The story seems all too familiar: A huge leak of government documents occurs; the leak immediately is demonized and heavily criticized, with sources in the government claiming these intelligence breaches will endanger foreign nationals and U.S. citizens abroad.

Once again, the whistle-blowing website WikiLeaks is behind the leak of confidential documents. In the “Age of Information,” WikiLeaks is at the forefront, providing a medium for the submission and transmission of documents of any kind.

From files on corruption in Kenya to classified reports from the U.S. State Department, WikiLeaks posts it all. The site aims to create complete transparency, leading many to herald it as a voice for the oppressed.

Subsequently, this has earned WikiLeaks countless awards, including The Economist’s 2008 New Media Award and the 2009 Amnesty International U.K. Media Award.

Even Time Magazine has stated that this could become as important a journalistic tool as the Freedom of Information Act.

Any injustice can be exposed to the global community on the site and any government can be held accountable. All it requires is one person to blow the whistle on it.

You might recognize the website from its release of the Afghan and Iraq War diaries earlier this summer. These “war diaries” essentially chronicled nearly every action of the U.S. and NATO forces in Iraq and Afghanistan.

At the time, security officials believed these leaks would endanger U.S. security forces greatly and undermine foreign policy. Yet, three months later, these documents appear to have caused little actual damage, besides being rather embarrassing to the U.S.

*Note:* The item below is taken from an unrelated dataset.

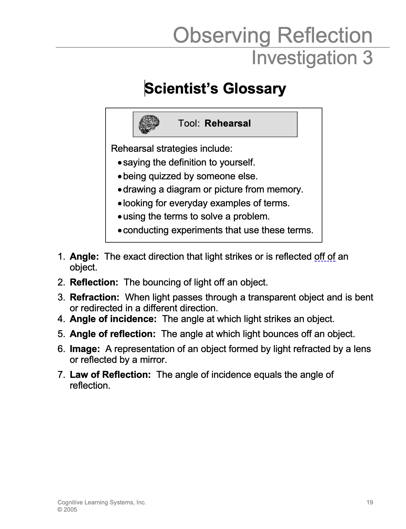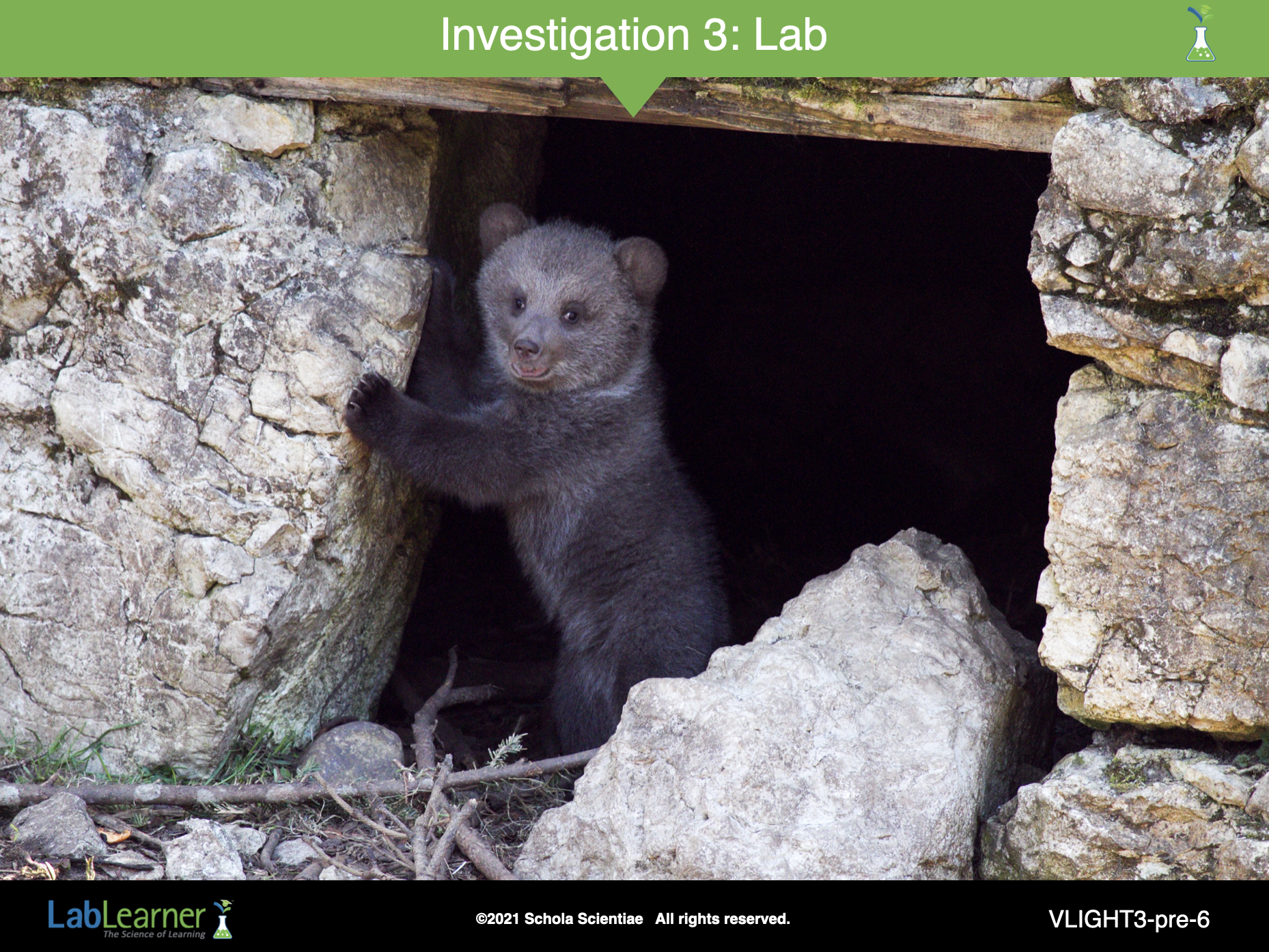 In Investigation Three, students will continue their study of light and optics. In PreLab, students will play a game to promote consolidation of the basic concepts of the transmission, absorbance, reflection, and refraction of light.

The website is releasing more than 250,000 U.S. embassy cables throughout the next few months.

Several hundred of these already have been released, with more coming out everyday. These cables are communications between embassies and include many frank observations from diplomats as well as daily interactions at the embassies.

These most recent leaks have garnered outrage from all of the political pundits. Sarah Palin has tweeted that WikiLeaks founder Julian Assange should be hunted down like the leaders of al-Qaida and the Taliban. I suppose that means we will take 10 years to find him.

Furthermore, 2008 U.S. presidential candidate Mike Huckabee said the person who leaked the information should be executed for treason.

Other news sources have gone on to question if WikiLeaks is a terrorist organization. Amazon even went as far as to remove WikiLeak’s servers from their web service.

The most shocking thing surrounding the WikiLeaks scandal isn’t the content of the leaked materials, but the disappointing response from politicians and the media.

There are more than 250,000 of these leaks, meaning if one read 50 cables everyday, it would take nearly 15 years to finish reading all of them. By sheer volume, the cables disqualify themselves.

No one will ever read anything outside of a mere handful of these cables, but thanks to the constant hyperbole used by politicians and invective language of pundits, WikiLeaks and the cables have received all of the free press it ever could want.

The very figures who spoke out against the site have given credence to documents that probably would have been buried in the constant ebb and flow of the Internet.

Nothing makes better headlines than the manufactured fear and outrage of an invisible enemy.

In this case that enemy is a huge intelligence leak and what a terrorist could do with some outdated reports that mostly consist of candid remarks about foreign nationals. You know, real scary stuff.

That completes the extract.